▶ INPUT:

========

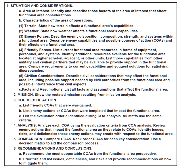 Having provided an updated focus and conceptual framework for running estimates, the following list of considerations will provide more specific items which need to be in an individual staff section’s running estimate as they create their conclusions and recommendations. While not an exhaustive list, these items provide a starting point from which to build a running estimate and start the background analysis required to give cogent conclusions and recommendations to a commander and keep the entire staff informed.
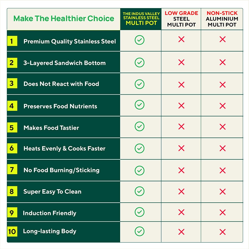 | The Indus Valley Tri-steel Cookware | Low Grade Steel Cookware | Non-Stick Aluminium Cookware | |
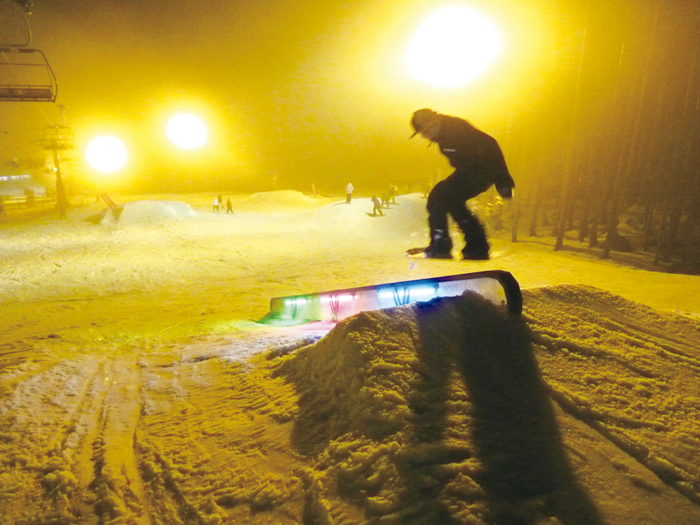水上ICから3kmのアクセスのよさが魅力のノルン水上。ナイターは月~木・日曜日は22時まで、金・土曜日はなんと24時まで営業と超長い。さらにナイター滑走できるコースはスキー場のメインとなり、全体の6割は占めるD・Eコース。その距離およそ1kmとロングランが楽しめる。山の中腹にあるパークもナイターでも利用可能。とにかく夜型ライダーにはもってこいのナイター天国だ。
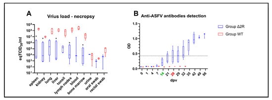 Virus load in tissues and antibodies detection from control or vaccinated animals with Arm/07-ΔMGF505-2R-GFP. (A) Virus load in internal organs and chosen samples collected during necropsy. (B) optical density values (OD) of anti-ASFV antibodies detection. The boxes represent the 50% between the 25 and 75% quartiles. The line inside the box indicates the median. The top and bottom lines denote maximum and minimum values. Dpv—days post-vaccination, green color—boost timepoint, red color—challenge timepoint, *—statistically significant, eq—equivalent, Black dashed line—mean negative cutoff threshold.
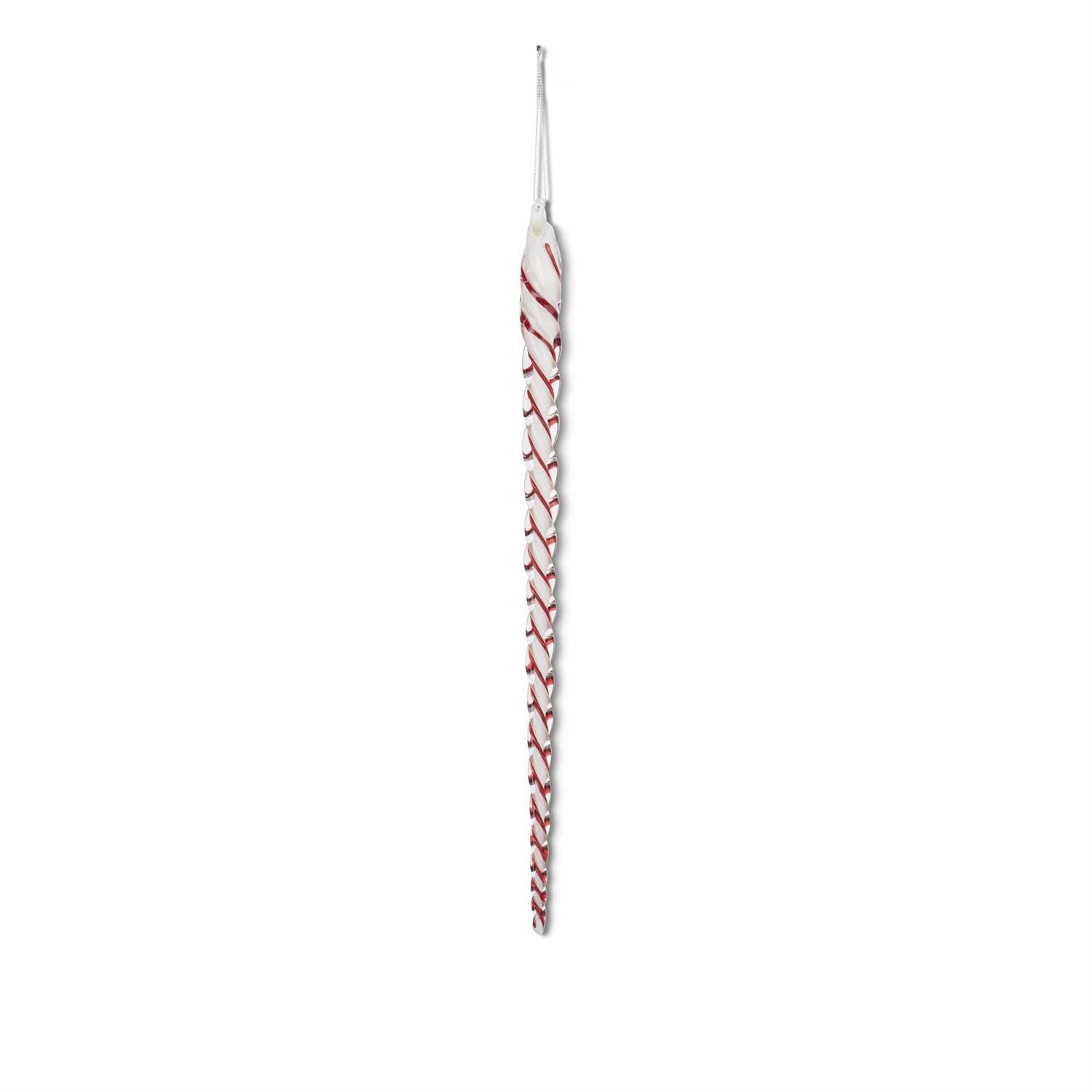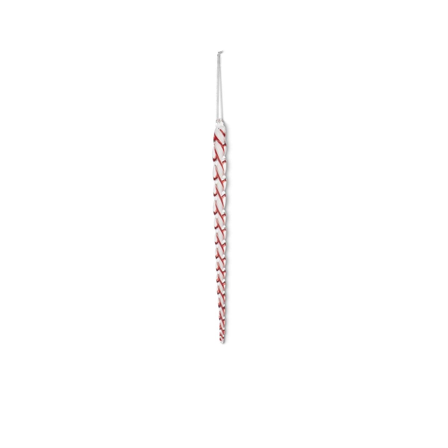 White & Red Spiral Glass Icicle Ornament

========

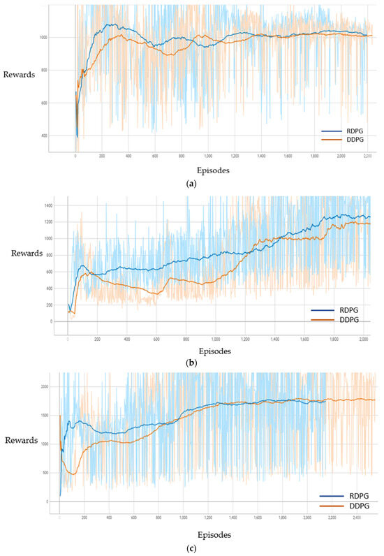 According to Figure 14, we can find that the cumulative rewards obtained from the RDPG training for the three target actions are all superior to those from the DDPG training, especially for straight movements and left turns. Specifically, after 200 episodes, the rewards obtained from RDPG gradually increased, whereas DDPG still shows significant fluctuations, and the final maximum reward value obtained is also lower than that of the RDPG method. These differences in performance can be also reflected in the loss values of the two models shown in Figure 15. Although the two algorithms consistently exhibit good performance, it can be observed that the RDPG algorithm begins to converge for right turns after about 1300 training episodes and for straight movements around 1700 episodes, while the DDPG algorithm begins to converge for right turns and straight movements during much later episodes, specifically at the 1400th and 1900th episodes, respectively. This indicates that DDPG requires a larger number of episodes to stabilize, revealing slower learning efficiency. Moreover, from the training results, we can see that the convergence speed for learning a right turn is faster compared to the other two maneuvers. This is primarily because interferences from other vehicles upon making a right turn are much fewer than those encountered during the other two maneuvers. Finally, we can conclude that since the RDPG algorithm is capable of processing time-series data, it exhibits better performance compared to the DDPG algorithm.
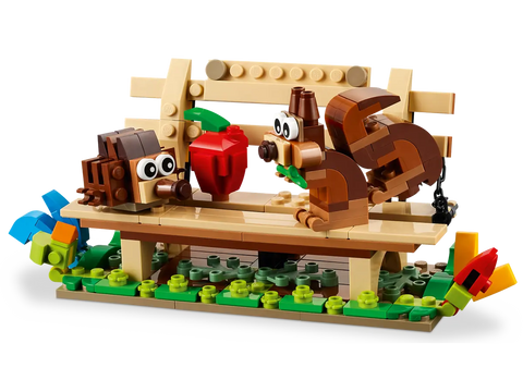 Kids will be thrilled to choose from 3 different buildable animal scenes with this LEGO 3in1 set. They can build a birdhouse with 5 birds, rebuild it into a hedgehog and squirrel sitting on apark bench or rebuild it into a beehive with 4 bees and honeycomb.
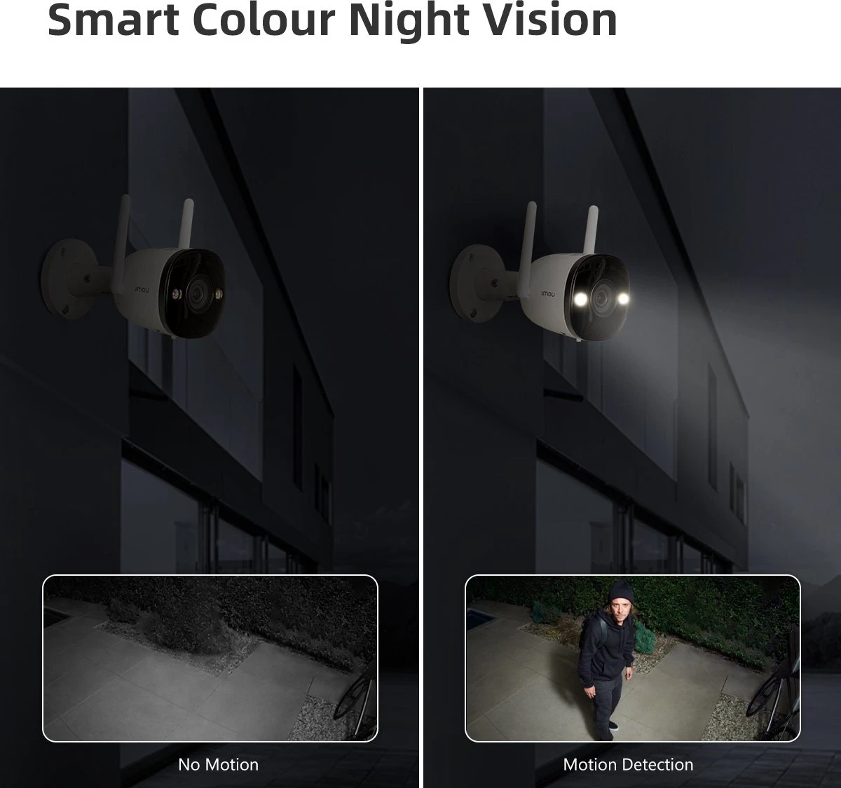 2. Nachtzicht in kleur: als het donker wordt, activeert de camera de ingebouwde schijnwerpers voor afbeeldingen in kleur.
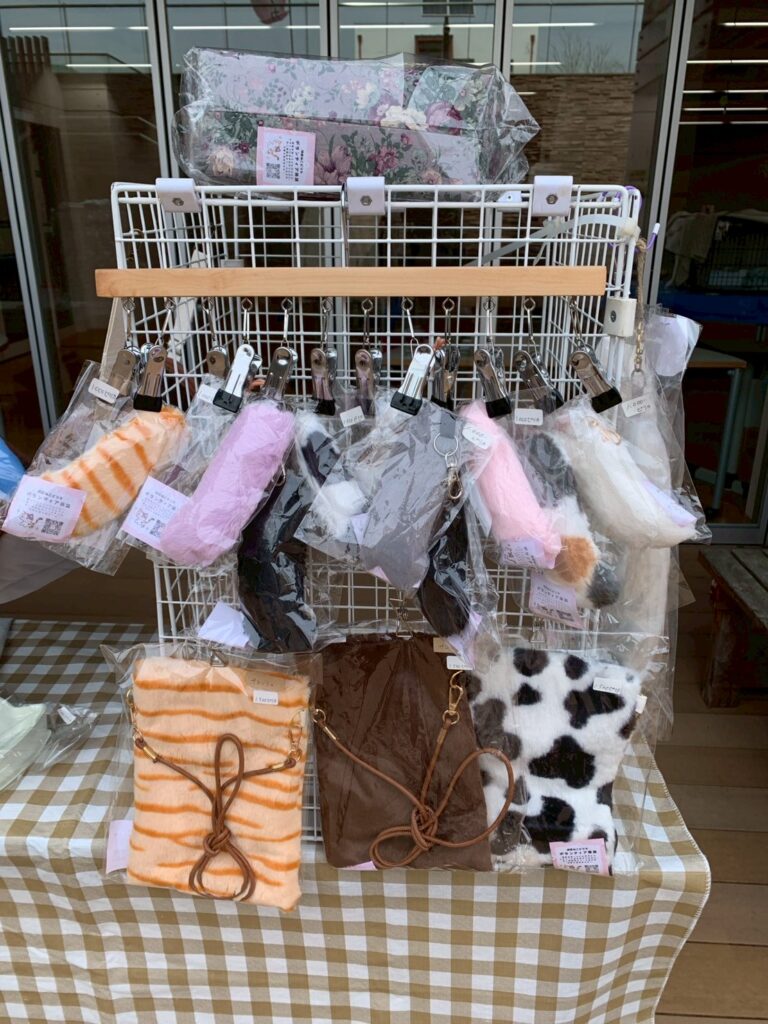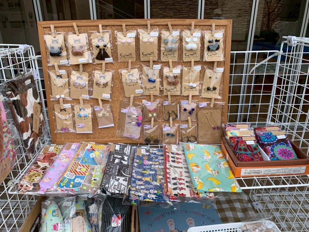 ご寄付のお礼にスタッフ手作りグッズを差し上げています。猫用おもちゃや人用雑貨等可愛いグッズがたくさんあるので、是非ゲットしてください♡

========

▶ PROBLEM TO WORK ON:
Your reply should hold nothing but the lines above, from the one containing "Kids will be" to the one containing "ご寄付のお礼にスタッフ手作り", reproduced exactly minus the pictures.

▶ YOUR SOLUTION:
 Kids will be thrilled to choose from 3 different buildable animal scenes with this LEGO 3in1 set. They can build a birdhouse with 5 birds, rebuild it into a hedgehog and squirrel sitting on apark bench or rebuild it into a beehive with 4 bees and honeycomb.
 2. Nachtzicht in kleur: als het donker wordt, activeert de camera de ingebouwde schijnwerpers voor afbeeldingen in kleur.
 ご寄付のお礼にスタッフ手作りグッズを差し上げています。猫用おもちゃや人用雑貨等可愛いグッズがたくさんあるので、是非ゲットしてください♡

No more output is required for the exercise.